November Comes In Like, Well, November

The first fire in the wood stove at the tirehouse, which I like to wait until November to build, happened one hour early; 11:00pm Halloween night, and it felt good. Today's cloud cover, cold, wild wind and temps in the 40's have me wondering why there isn't one going now.  Clouds and wind may keep the temperature from getting to freezing early tomorrow morning but by Monday morning the clear cold air, not long from its home in the north of Canada, will bring the first frost/freeze to most of Virginia.
Now there is a fire going and by the time I'm done with this blog, the chill should be gone.
Where to start after more than 3 months of no blogging? We've gone from a lovely summer with lots of cool dry days and sufficient rain through a dry spell in September and October back to plenty of rain but no frost. The moon has leveled up with Earth to go through an eclipse cycle; a total lunar and two weeks later a partial solar, neither easily seen here in Va. Mars lingers in the west but low and the other planets are hidden behind the sun from earth view, in the evening, anyway.
The Atlantic hurricane season, while technically lasting another month, has been very quiet while the Pacific, that so poorly named ocean, has been anything but passive. 18 named storms at last count and several have pounded Baja California and drifted north to bring flooding rains to the desert southwest.

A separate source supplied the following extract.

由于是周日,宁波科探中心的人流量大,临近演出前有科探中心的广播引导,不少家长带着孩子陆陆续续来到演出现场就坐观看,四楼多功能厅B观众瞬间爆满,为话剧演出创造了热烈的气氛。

The moisture from one actually made it all the way across the country to the east coast. Southeast Asia has been nailed several times with storms and Hawaii has had near misses.

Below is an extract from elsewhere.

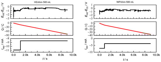 From the electrochemical point of view, the galvanostatic polymerizations were constrained by the scaled Iapp values, allowing the regeneration of [CuIMe6TREN]+ in a simpler electrochemical setup. Profiles of EWE-ECE, Q, and Iapp recorded during large-scale polymerizations are shown in Figure 3 (for Aam at 500 and 1000 mL) and Figure 4 (for HEAAm and NIPAAm at 500 mL):
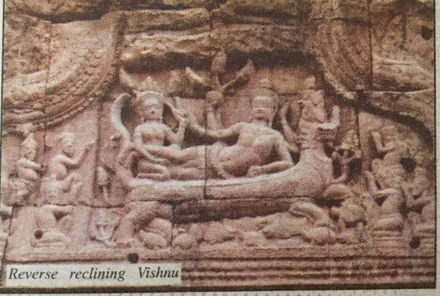 3. மூன்றாவது அதிசயம் கங்கை நதி சிவன் தலையில் இருந்து விழுந்து, விஷ்ணுவின் பாதங்களைக் கழுவி சமவெளியில் பாய்வதாக புராணங்கள் செப்பும். அதே போல சியம் ரீப் (Seam Reap) ஆற்றில் அமைக்கப்பட்டிருந்தது. ஆனால் போரினால் சீரழிந்த கம்போடியாவில் பாதுகாப்பற்றுக் கிடந்த சிலையின் உடல் பக்கத்தை மட்டும் அறுத்து எடுத்து மேலை நாட்டு மியூசியங்களுக்கு விற்று விட்டனர் சிலைத் திருடர்கள்.

Hawaiian volcanoes have stirred up of late, rolling lava into settled areas creating havoc for residents. Bardarbunga in Iceland has that island nation watching carefully, Popo outside Mexico City has also not taken much of a break for much of the late summer or fall. No big earthquakes of late, unless you live in Oklahoma, and they aren't big just ongoing, daily with likely daily denial from the oil (what's wrong with blowing up the earth for hydrocarbons) industry. When there are more earthquakes daily in Oklahoma than California, there is a problem and it's not the planet suddenly firing up a billion year old fault zone under the plains. It's all of us and our daily need, craving, refusal to change and greed for oil...and shopping.
And, with that, my oil tirade and look at the planet from a November view will wind down. The semester is in the home stretch, the fall party season here at the tirehouse is done and I face a big chronology check in 17 days. But, the planet spins on, not worried about us just doing that "big rock flying through space" thing that it has been doing for 4 1/2 billion years and will continue for likely several billion more. We'll see if our spawn are around to see what the future does indeed bring. For the moment, and that's really all we can deal with, I'm going to bundle up and go for a wander on this lovely little planet, hope you get out, too, today on Earth.